▸ **Exercise**
A verbatim restatement of the data, free of pictures, is what you should output.

+++ Dataset excerpt

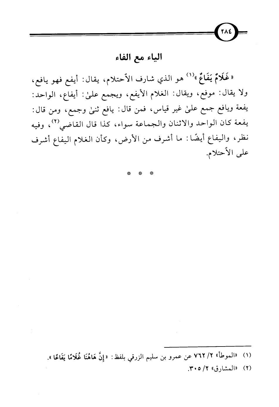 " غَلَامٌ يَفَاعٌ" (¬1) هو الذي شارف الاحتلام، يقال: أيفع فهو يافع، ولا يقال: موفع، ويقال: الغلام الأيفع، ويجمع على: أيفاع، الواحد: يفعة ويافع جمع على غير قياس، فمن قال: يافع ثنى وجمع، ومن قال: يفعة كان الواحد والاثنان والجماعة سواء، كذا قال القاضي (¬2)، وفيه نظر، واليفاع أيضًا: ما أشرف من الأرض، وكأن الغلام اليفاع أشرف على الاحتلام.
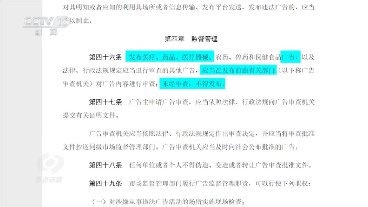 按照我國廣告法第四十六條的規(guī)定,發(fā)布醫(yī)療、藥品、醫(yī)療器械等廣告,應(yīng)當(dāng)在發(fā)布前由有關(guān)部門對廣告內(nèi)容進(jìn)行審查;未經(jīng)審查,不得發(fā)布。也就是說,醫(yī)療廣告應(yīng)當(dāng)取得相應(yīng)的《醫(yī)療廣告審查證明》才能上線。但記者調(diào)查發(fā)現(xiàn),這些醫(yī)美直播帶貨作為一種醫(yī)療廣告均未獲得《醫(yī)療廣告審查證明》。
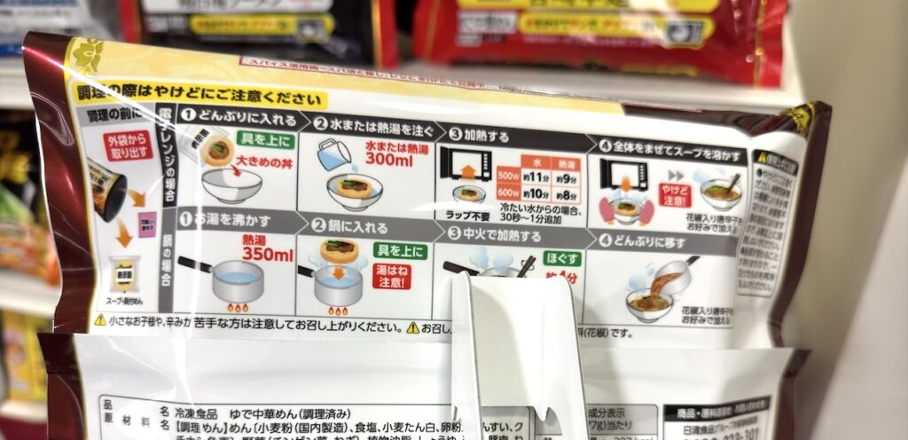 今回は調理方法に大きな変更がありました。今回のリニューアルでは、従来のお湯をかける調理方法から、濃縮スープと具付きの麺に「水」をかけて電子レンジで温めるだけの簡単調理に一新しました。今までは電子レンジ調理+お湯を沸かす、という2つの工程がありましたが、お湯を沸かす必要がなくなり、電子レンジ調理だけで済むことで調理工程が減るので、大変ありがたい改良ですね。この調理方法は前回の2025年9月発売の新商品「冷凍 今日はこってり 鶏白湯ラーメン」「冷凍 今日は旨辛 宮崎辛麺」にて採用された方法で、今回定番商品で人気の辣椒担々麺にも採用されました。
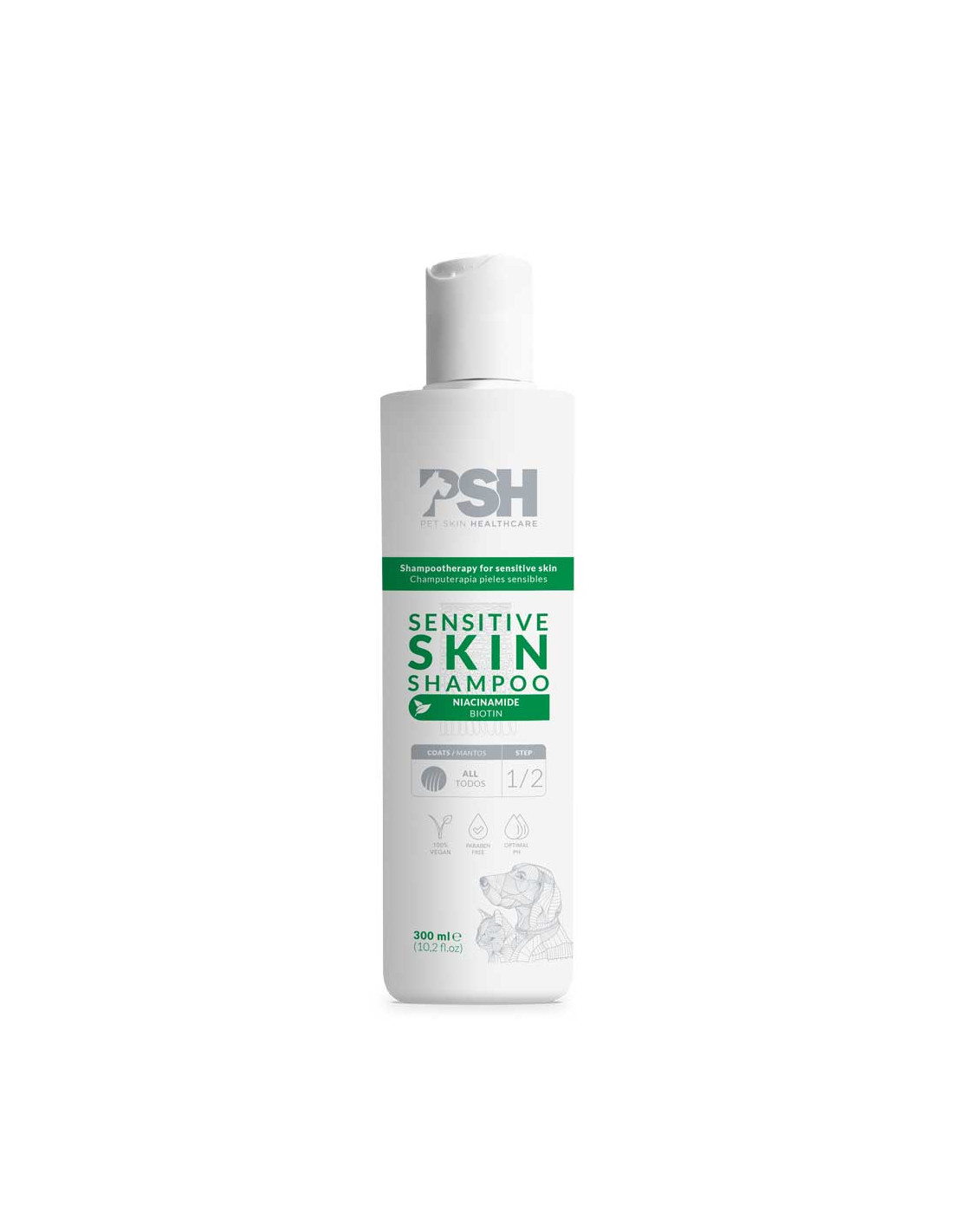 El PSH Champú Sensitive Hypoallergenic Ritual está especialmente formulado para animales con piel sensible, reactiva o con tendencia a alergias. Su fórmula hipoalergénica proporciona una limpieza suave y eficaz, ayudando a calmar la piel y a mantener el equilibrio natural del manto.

++++++

▸ **Written answer**
 " غَلَامٌ يَفَاعٌ" (¬1) هو الذي شارف الاحتلام، يقال: أيفع فهو يافع، ولا يقال: موفع، ويقال: الغلام الأيفع، ويجمع على: أيفاع، الواحد: يفعة ويافع جمع على غير قياس، فمن قال: يافع ثنى وجمع، ومن قال: يفعة كان الواحد والاثنان والجماعة سواء، كذا قال القاضي (¬2)، وفيه نظر، واليفاع أيضًا: ما أشرف من الأرض، وكأن الغلام اليفاع أشرف على الاحتلام.
 按照我國廣告法第四十六條的規(guī)定,發(fā)布醫(yī)療、藥品、醫(yī)療器械等廣告,應(yīng)當(dāng)在發(fā)布前由有關(guān)部門對廣告內(nèi)容進(jìn)行審查;未經(jīng)審查,不得發(fā)布。也就是說,醫(yī)療廣告應(yīng)當(dāng)取得相應(yīng)的《醫(yī)療廣告審查證明》才能上線。但記者調(diào)查發(fā)現(xiàn),這些醫(yī)美直播帶貨作為一種醫(yī)療廣告均未獲得《醫(yī)療廣告審查證明》。
 今回は調理方法に大きな変更がありました。今回のリニューアルでは、従来のお湯をかける調理方法から、濃縮スープと具付きの麺に「水」をかけて電子レンジで温めるだけの簡単調理に一新しました。今までは電子レンジ調理+お湯を沸かす、という2つの工程がありましたが、お湯を沸かす必要がなくなり、電子レンジ調理だけで済むことで調理工程が減るので、大変ありがたい改良ですね。この調理方法は前回の2025年9月発売の新商品「冷凍 今日はこってり 鶏白湯ラーメン」「冷凍 今日は旨辛 宮崎辛麺」にて採用された方法で、今回定番商品で人気の辣椒担々麺にも採用されました。
 El PSH Champú Sensitive Hypoallergenic Ritual está especialmente formulado para animales con piel sensible, reactiva o con tendencia a alergias. Su fórmula hipoalergénica proporciona una limpieza suave y eficaz, ayudando a calmar la piel y a mantener el equilibrio natural del manto.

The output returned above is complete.